Benfotiamine is a synthetic derivative of Vitamin B1 - thiamin. This fat-soluble alternative is more bioavailable and physiologically active than thiamin. Benfotiamine may help support and maintain healthy glucose levels and help support and maintain healthy nerve tissue.
A characteristic of Benfotiamine is an open thiazole ring within the chemical structure of these thiamine-related compounds, making them fat (lipid) soluble. In contrast, thiamine, which is water soluble, has a closed thiazole ring. The fat solubility of benfotiamine, conferred by this open ring, increases its bioavailability.
Benfotiamine is readily absorbed at higher doses, in contrast to absorption of water-soluble thiamin salts, which decreases at higher doses, due to saturation of absorption sites in the intestines. Benfotiamine readily passes through intestinal mucosal cells, where it is converted into physiologically active thiamine.
What does Thiamin Do?
Vitamin B1 is needed to process carbohydrates, fat, and protein. Every cell of the body requires vitamin B1 to form the fuel the body runs on - adenosine triphosphate (ATP). Nerve cells require vitamin B1 in order to function normally.
Thiamine (vitamin B1) plays an essential part in the metabolism of glucose, through actions of its co-enzyme TPP (thiamine pyrophosphate). TPP also goes by the name "thiamine diphosphate." In a cell, glucose, is metabolised to pyruvic acid, which is converted into acetyl-CoA, otherwise known as "active acetate."
Acetyl CoA enters the mitochondrion, where it serves as the starting substrate in the Kreb’s cycle (citric acid cycle).
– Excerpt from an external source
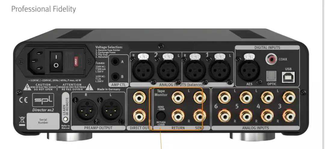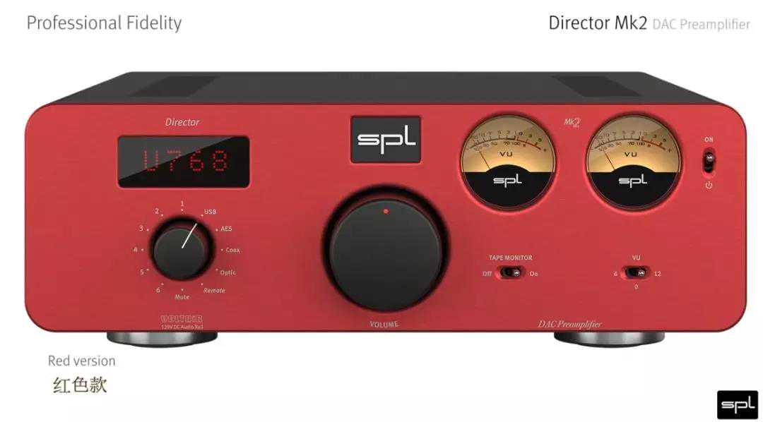 全新的DirectorMk2高伏特数字模拟转化器现在支持32bit和768kHz的采样率。偏爱模拟磁带机或外部音频设备处理的用户可以将他们钟爱的设备插入TapeMonitorLoop插口。现在共有6路模拟输入。其中的2路为平衡XLR接口。现在整个机身高度有了一定的提升,为大个头且带有LED显示的铝制音量控制钮和机械式的VU量表留出了足够的空间。

The Krebs cycle is the primary source of cellular metabolic energy. TPP, along with other co-enzymes, is essential for the removal of CO2 from pyruvic acid, which in turn is a key step in the conversion of pyruvic acid to acetyl CoA.
CO2 removal from pyruvic acid is called "oxidative decarboxylation," and for this reason, TPP was originally referred to as "cocarboxylase." TPP is vital to the cell’s energy supply.
Benfotiamine Helps Maintain Healthy Cells
As long as glucose remains at normal levels, excess glucose metabolites do not accumulate within the cell. The bulk of the cell’s glucose supply is converted to pyruvic acid, which serves as substrate for production of acetyl CoA, the primary fuel for the Krebs cycle.